Aim of the exercise:
With pictures left out, set down exactly the lines from the line containing "CT خوان یک برنامه" through the last line of the data.

Given information:

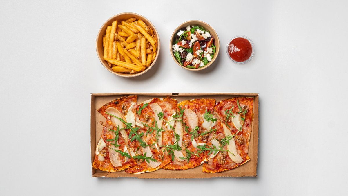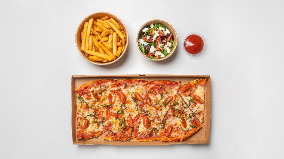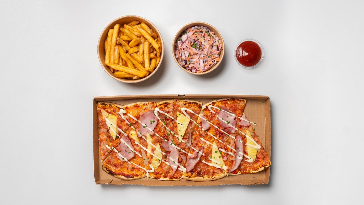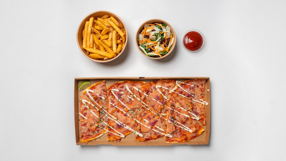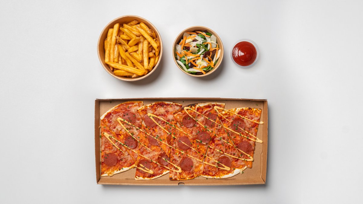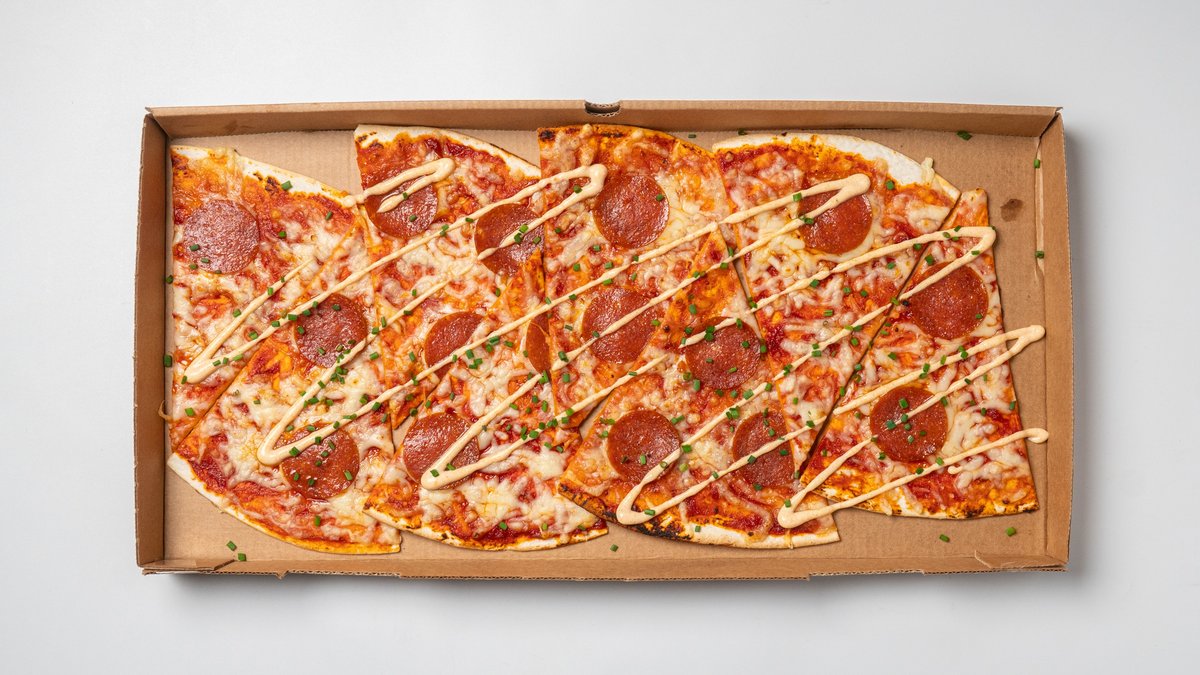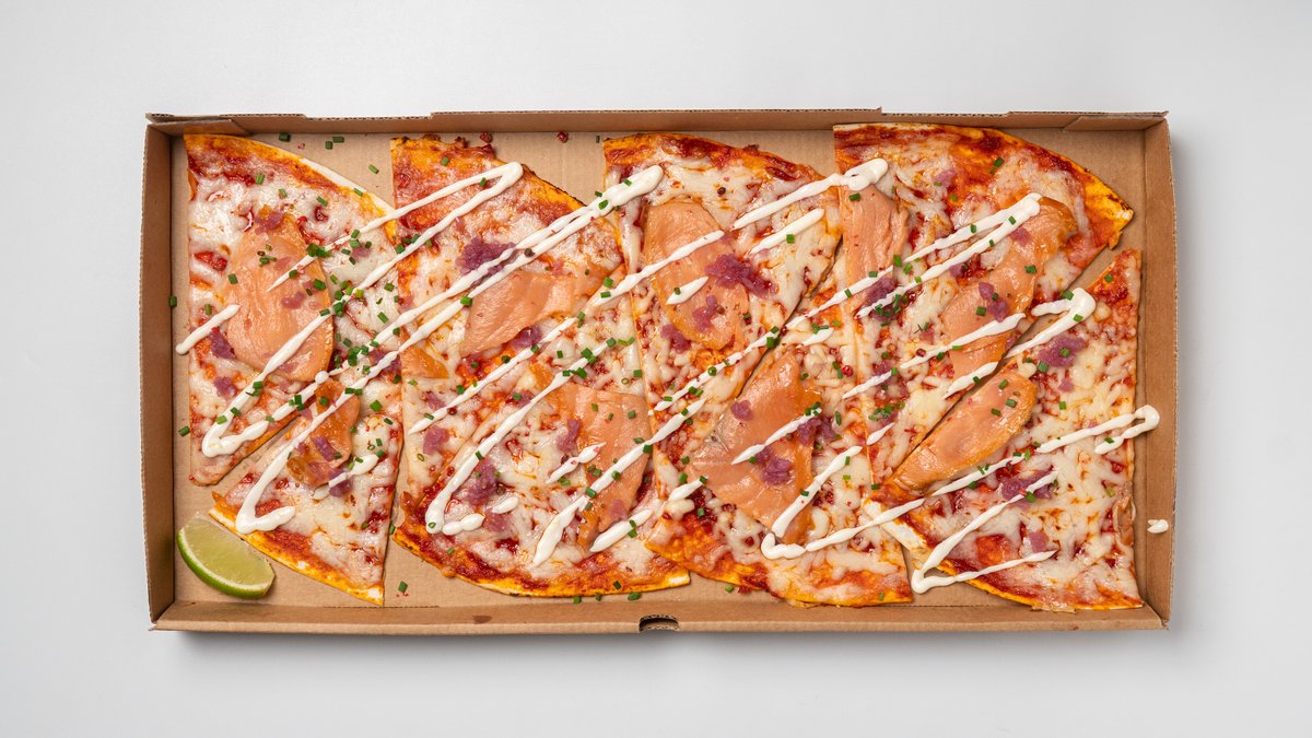 SKINNY PIZZAS ON DURUM TORTILLAS Our skinny pizzas are made on thin durum tortillas. Each pizza features our house-made tomato sauce and lactose-free cheese.
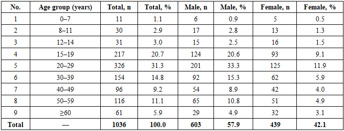 Between 1931 and 2006, a total of 1,036 patients with leprosy were hospitalized at the Samarkand Leprosarium. The highest numbers of admissions were recorded during 1951–1960 (319 cases), followed by 1941–1950 (238 cases) and 1931–1940 (229 cases).More than half of all patients (554; 53.1%) were migrants from other regions of the former Soviet Union or foreign countries. Among them, 34.1% originated from the Russian Federation, 12.8% from Kazakhstan, 7.5% from Tajikistan, and 31.0% from the Republic of Karakalpakstan. Patients from Turkey, Iran, China, Laos, and Japan were also identified.During 1931–1960, imported cases exceeded locally detected cases by approximately 1.5 times, and during 1941–1950 by nearly three times. Many migrants did not return to their regions of origin after treatment and subsequently integrated into local communities, contributing to the formation of secondary disease foci.Age analysis showed that the highest incidence occurred in the 15–19 year (20.7%) and 20–29 year (31.3%) age groups. Children under 14 years accounted for 7.0% of cases, with 72.2% of pediatric patients being migrants from endemic areas.Male patients predominated (57.9%), while females accounted for 42.1%. Gender differences were minimal in childhood but increased significantly in adulthood.Table 1. Age and sex distribution of leprosy patients treated at the Samarkand Leprosarium (1931–2006)  |
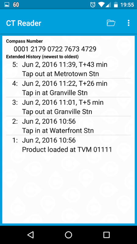 CT خوان یک برنامه NFC است که نمایش داده ها از بلیط TRANSLINK قطب نما است.
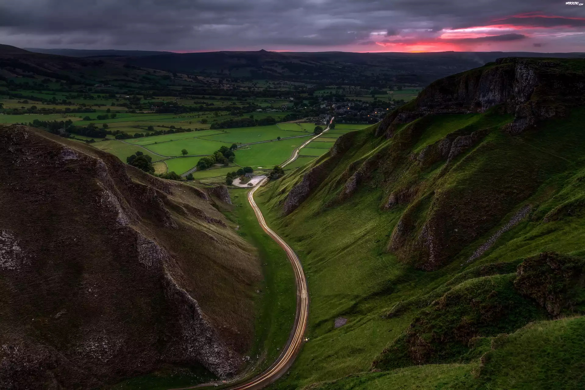 Zdjęcia, Góry, Zbocza, Droga, Pola, Skały, Zachód słońca

Answer space:
 CT خوان یک برنامه NFC است که نمایش داده ها از بلیط TRANSLINK قطب نما است.
 Zdjęcia, Góry, Zbocza, Droga, Pola, Skały, Zachód słońca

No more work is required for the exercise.